For every entry below, give it back exactly and leave out any image.

**Records shown:**
________

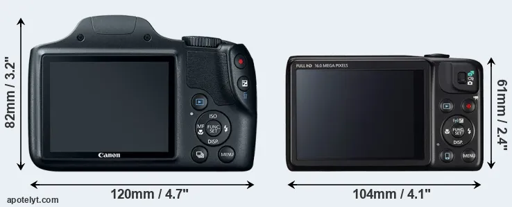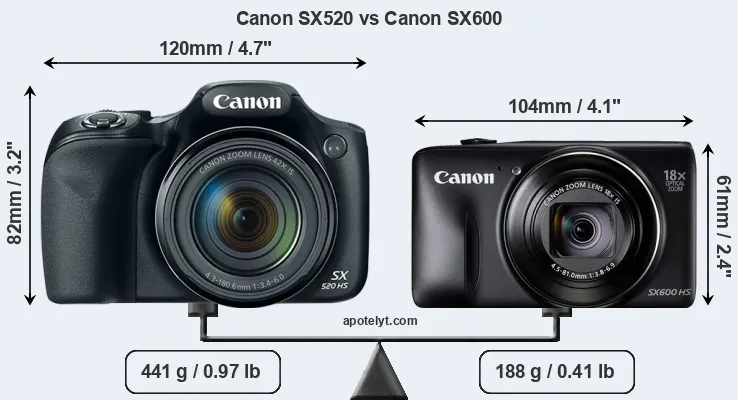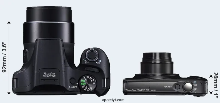 The side-by-side display below illustrates the physical size and weight of the Canon SX520 and the Canon SX600. The two cameras are presented according to their relative size. Three consecutive perspectives from the front, the top, and the back are available. All width, height and depth measures are rounded to the nearest millimeter.
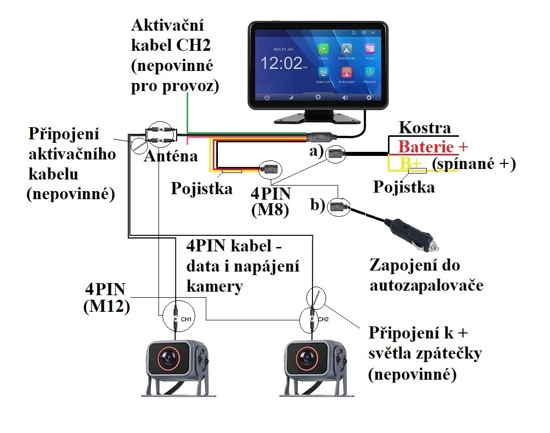 • Aktivace kamer - Zadní kameru lze aktivovat pomocí aktivačního kabelu, kdy se daná kamera automaticky zobrazí jako jediná na celou obrazovku. Zadní kamera zobrazí i parkovací linie
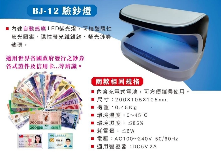BJ-12 驗鈔燈 功能介紹
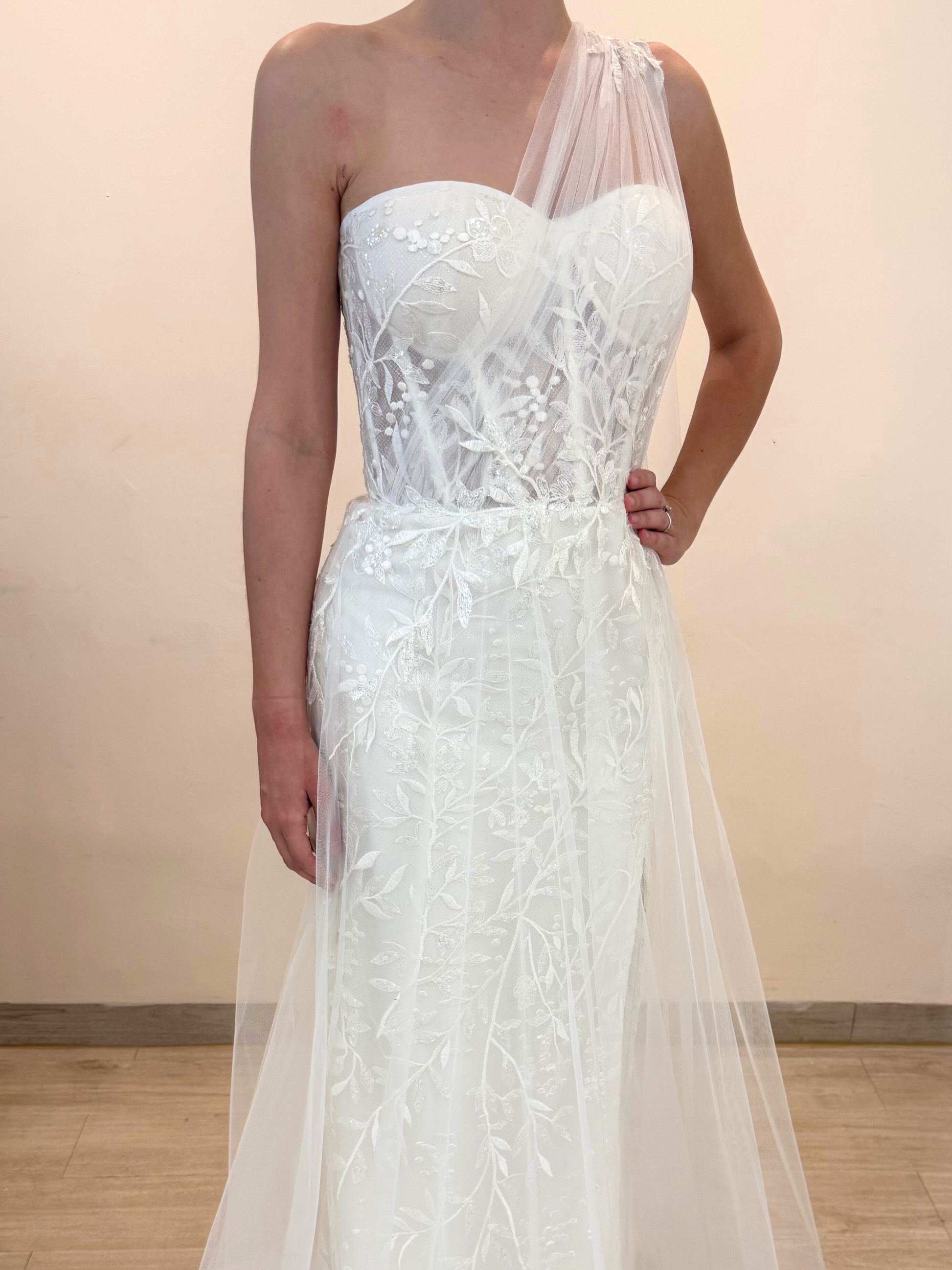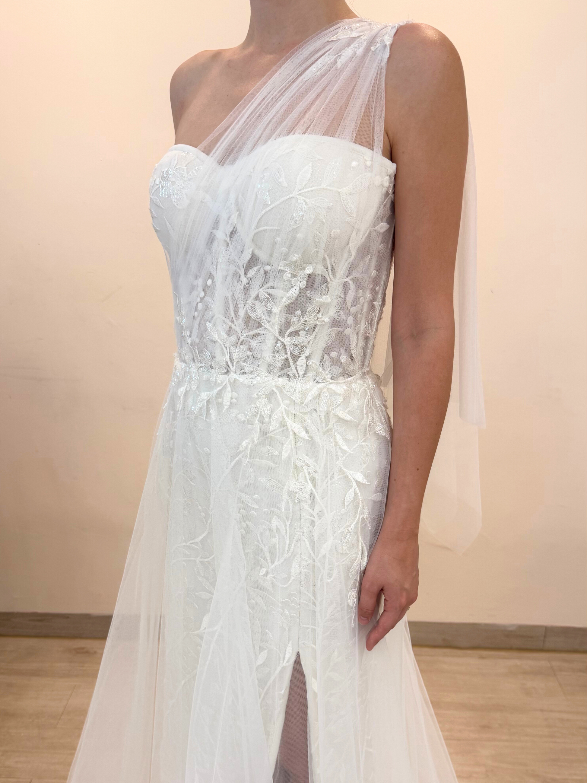 Vestido de novia semi nuevo , con apertura en la falda y una manga
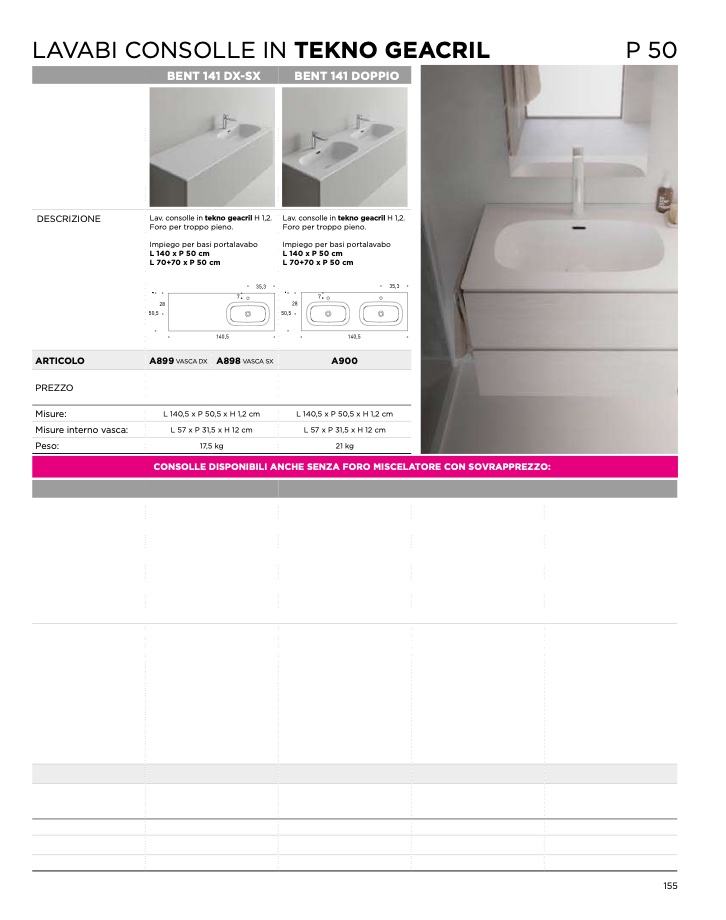 CONSOLLE DISPONIBILI ANCHE SENZA FORO MISCELATORE CON SOVRAPPREZZO:

________

**Result:**
 The side-by-side display below illustrates the physical size and weight of the Canon SX520 and the Canon SX600. The two cameras are presented according to their relative size. Three consecutive perspectives from the front, the top, and the back are available. All width, height and depth measures are rounded to the nearest millimeter.
 • Aktivace kamer - Zadní kameru lze aktivovat pomocí aktivačního kabelu, kdy se daná kamera automaticky zobrazí jako jediná na celou obrazovku. Zadní kamera zobrazí i parkovací linie
BJ-12 驗鈔燈 功能介紹
 Vestido de novia semi nuevo , con apertura en la falda y una manga
 CONSOLLE DISPONIBILI ANCHE SENZA FORO MISCELATORE CON SOVRAPPREZZO:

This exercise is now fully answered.